◆ Directions ◆
Reproduce the listing word for word. Skip any image.

◆ Given material ◆
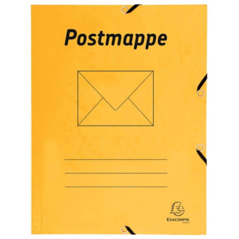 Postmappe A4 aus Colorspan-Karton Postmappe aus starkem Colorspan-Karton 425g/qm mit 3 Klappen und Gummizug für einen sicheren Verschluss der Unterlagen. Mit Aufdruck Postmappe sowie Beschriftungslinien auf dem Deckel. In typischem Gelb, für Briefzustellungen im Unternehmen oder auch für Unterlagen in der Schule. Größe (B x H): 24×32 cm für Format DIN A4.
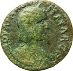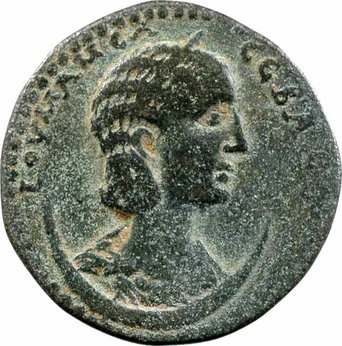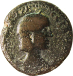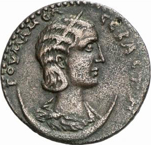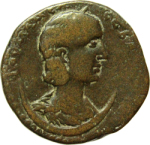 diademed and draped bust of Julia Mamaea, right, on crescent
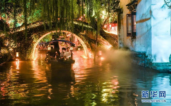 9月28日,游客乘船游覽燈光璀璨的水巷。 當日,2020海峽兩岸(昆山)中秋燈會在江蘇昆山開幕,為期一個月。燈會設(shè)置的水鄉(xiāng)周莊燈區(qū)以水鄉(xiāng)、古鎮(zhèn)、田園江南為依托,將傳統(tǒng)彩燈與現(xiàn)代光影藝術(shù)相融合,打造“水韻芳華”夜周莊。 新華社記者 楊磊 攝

◆ Reply ◆
 Postmappe A4 aus Colorspan-Karton Postmappe aus starkem Colorspan-Karton 425g/qm mit 3 Klappen und Gummizug für einen sicheren Verschluss der Unterlagen. Mit Aufdruck Postmappe sowie Beschriftungslinien auf dem Deckel. In typischem Gelb, für Briefzustellungen im Unternehmen oder auch für Unterlagen in der Schule. Größe (B x H): 24×32 cm für Format DIN A4.
 diademed and draped bust of Julia Mamaea, right, on crescent
 9月28日,游客乘船游覽燈光璀璨的水巷。 當日,2020海峽兩岸(昆山)中秋燈會在江蘇昆山開幕,為期一個月。燈會設(shè)置的水鄉(xiāng)周莊燈區(qū)以水鄉(xiāng)、古鎮(zhèn)、田園江南為依托,將傳統(tǒng)彩燈與現(xiàn)代光影藝術(shù)相融合,打造“水韻芳華”夜周莊。 新華社記者 楊磊 攝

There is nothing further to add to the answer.